# **Project: Football Data Analysis**

## Table of Contents

# **Introduction**

---

> This is an extensive dataset of football/soccer teams, players, leagues and matches played for the duration of 2008 to 2016. It is a dataset suited for machine learning but I am just performing exploratory data analysis with it. As a result, I will not be making use of a lot of the data from this dataset.
> 
> After studying the tables, I have come up with some questions that I plan to explore:
> 
> 1. 

# **Loading The Data**

---


### Importing all modules and packages that will be used


In [104]:
import pandas as pd
import numpy as np
import matplotlib.pyplot as plt
import seaborn as sns
% matplotlib inline

import sqlite3
from sqlalchemy import create_engine

import pprint


UsageError: Line magic function `%` not found.
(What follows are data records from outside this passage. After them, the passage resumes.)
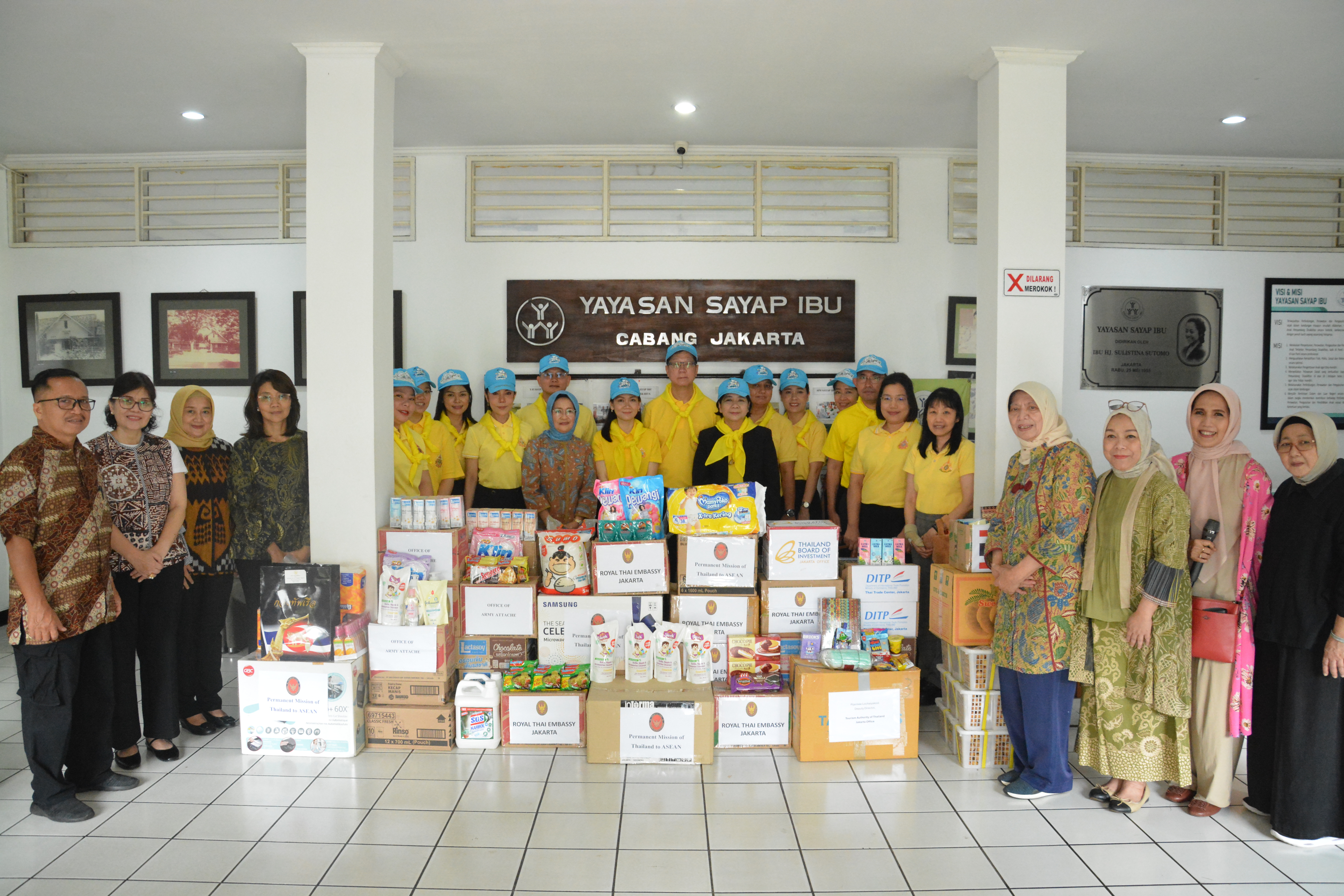 นาง Tjondrowati Subiyanto ผู้บริหารสถานรับเลี้ยงเด็กยากไร้ Yayasan Sayap Ibu สาขากรุงจาการ์ตา ได้ขอบคุณสถานเอกอัครราชทูตฯ และหน่วยงานทีมประเทศไทยที่ได้ร่วมกันนำสิ่งของจำเป็นมามอบแก่สถานรับเลี้ยงเด็กยากไร้ฯ อย่างต่อเนื่องเป็นเวลาหลายปีแล้ว รวมทั้งได้ขอบคุณบริษัท แลคตาซอย จำกัด ซึ่งได้ร่วมบริจาคนมถั่วเหลืองแลคตาซอยจำนวนมากกว่า 1,000 กล่อง
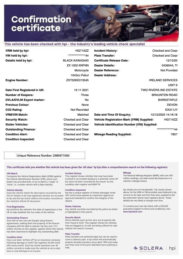 We appreciate that distance buying does have a level of apprehension so please let us guide you through the process.Part exchange welcome, please send over all your vehicle details for appraisal and if possible some images showing its condition.Delivery can be arranged separately anywhere in the UK using a Fully Insured and reliable third party delivery company.For more information about a particular motorcycle please call 01271 374243, email [Email address removed. Click Email button to contact us.] or visit [Website URL removed] thanks for taking the time to look, browse and hopefully you have enjoyed what you have seen.We look forward to dealing with you, many thanks Tom.
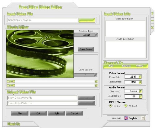 Free Ultra Video Editor výkonný video konvertor, který umožňuje provádět konverzi MPEG-1, MPEG-2, AVI (Windows Video), WMV (Windows Media Video) a ASF do AVI a WMV a další.
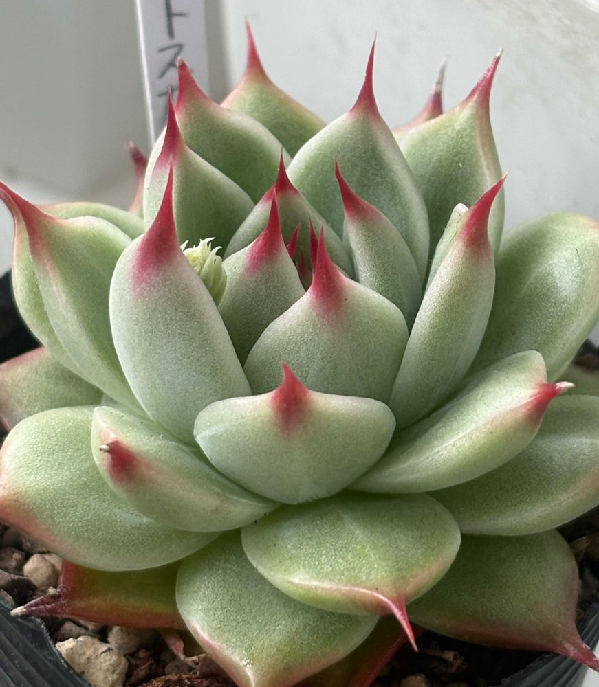 2025年4月にネットでたにたのさんの苗を購入した時におまけでついてきた名無しのエケベリアが面白く育っているので、成長記録を作りました。 この子の名前ご存知でしたら、ぜひ教えてください🙏
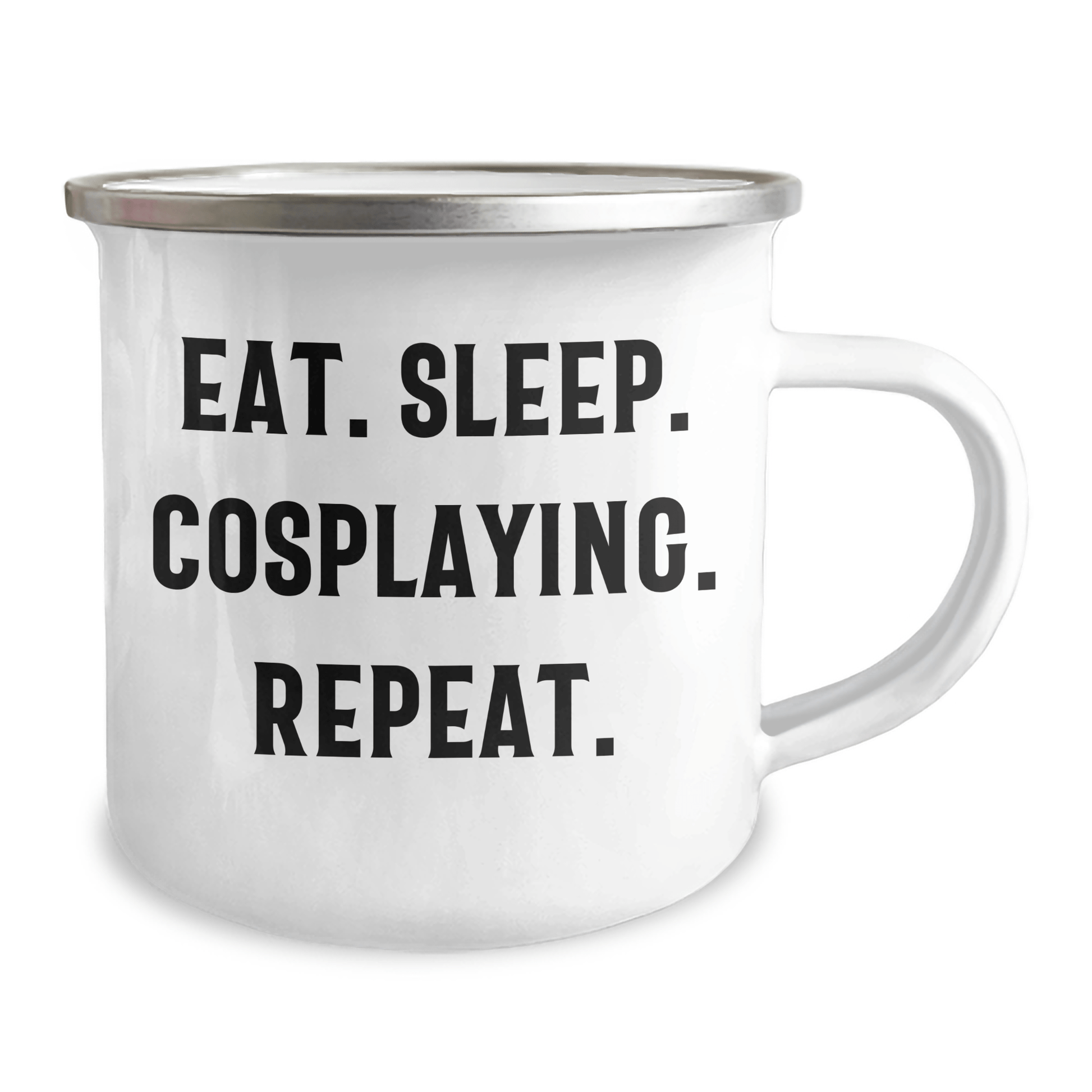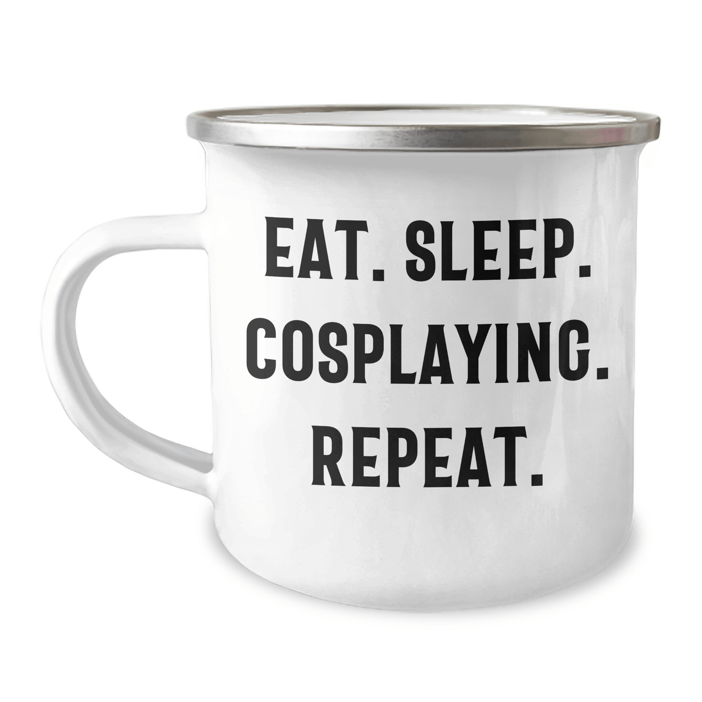 Celebrate your passion for Cosplaying with this unique and funny camping mug! It's the ideal gift for your favorite Cosplaying friends or family members on Father's Day. The quote 'Eat. Sleep. Cosplaying. Repeat.' is a humorous representation of the dedication and enthusiasm that Cosplayers have for their craft. This Camping Mug is made of stainless steel with an enamel finish, ensuring durability and longevity. Hand washing with mild detergent is recommended. The permanent printing won't fade after washing, making it a great conversation starter at any Cosplaying event or gathering. Whether you're a Cosplayer yourself or just an enthusiast, this gift is sure to bring a smile to the recipient's face. So, why not gift your loved ones with something that shows you care about their passion?
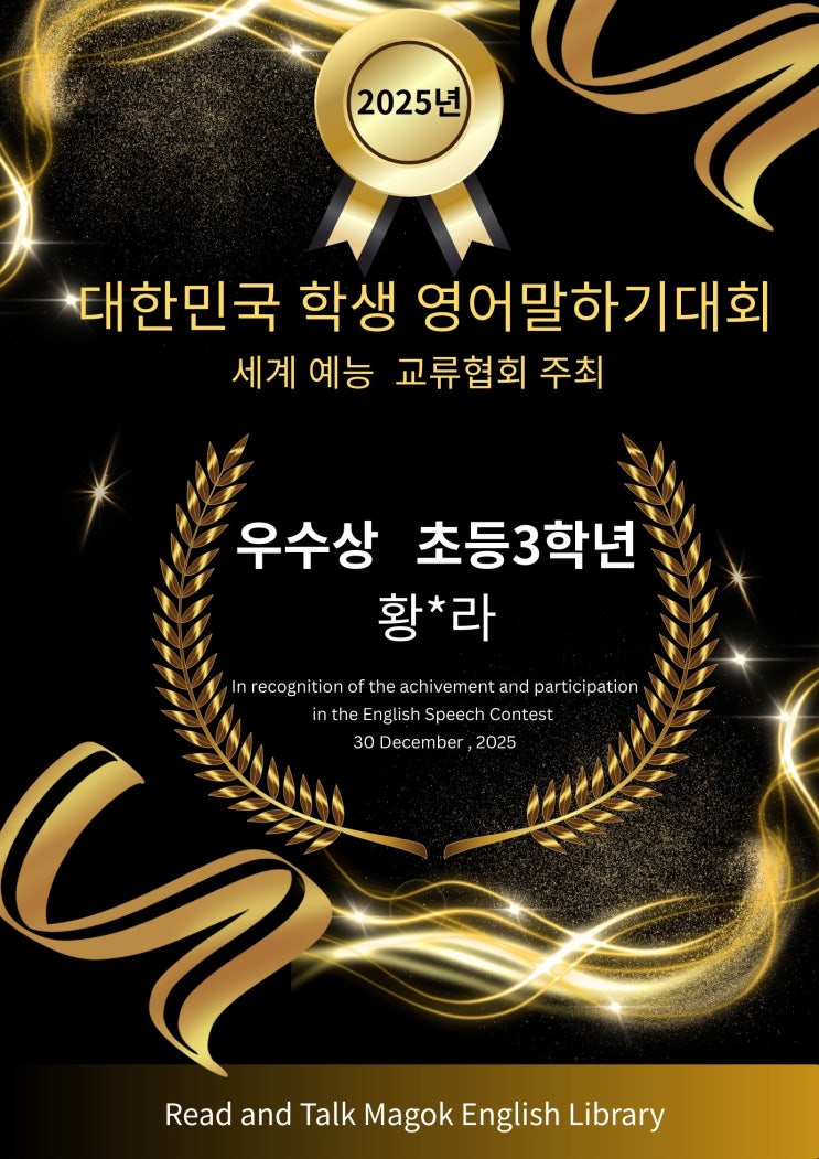 안녕하세요, 리드앤톡마곡 영어 도서학원입니다 12월이 시작된 지 얼마 되지 않은 것 같은데, 추운 날들의 연속입니다~ 이제 정말 겨울이네요~ 이 추운 계절 속에서 학원에 큰 기쁨을 전해주는 소식이 있어 소개드립니다. ♥ 세계예능 교류협회 주관 대한민국 영어말하기대회 참가 지난 11월 30일 일요일, 우리 리드앤톡마곡 학생들이 세계예능 교류협회가 주최하는 대한민국 영어말하기대회에 참여했습니다. 세계예능 교류협회는 1990년 설립 후 30여 년 동안 대한민국의 문화·예술을 세계에 알리고 국제 교류를 촉진해 온 공신력 있는 단체입니다. 영어 말하기, 무용, 음악, 미술 등 다양한 경연을 통해 인재를 발굴하고, 글로벌 리더 역량을 강....... <img src="https://blogthumb.pstatic.net/MjAyNTEyMDlfMTQ3/MDAxNzY1MjU2ODI1NDI5.1xR7qj2a9kG1xkWvakkQz4_nBHJJa3ixgTdMtf7-gcsg.RdpGFLCryXfGh8HD5WNGLV8ZPmKdPVK9xuji8a6-bKog.JPEG/Gold_and_Black_Luxury_Congratulations_Graduation_Poster_%282%29.jpg?type=s3" />

### Connecting to the SQLite database


In [47]:
# This code connects to the database through sqlite3
# This enables the database to be queried with traditional SQL code
load = sqlite3.connect('database.sqlite')
cursor = load.cursor()

# This code connects to the database through sqlalchemy
# This enables the database tables to be stored in a pandas dataframe and analyzed with python code and packages
engine = create_engine('sqlite:///database.sqlite')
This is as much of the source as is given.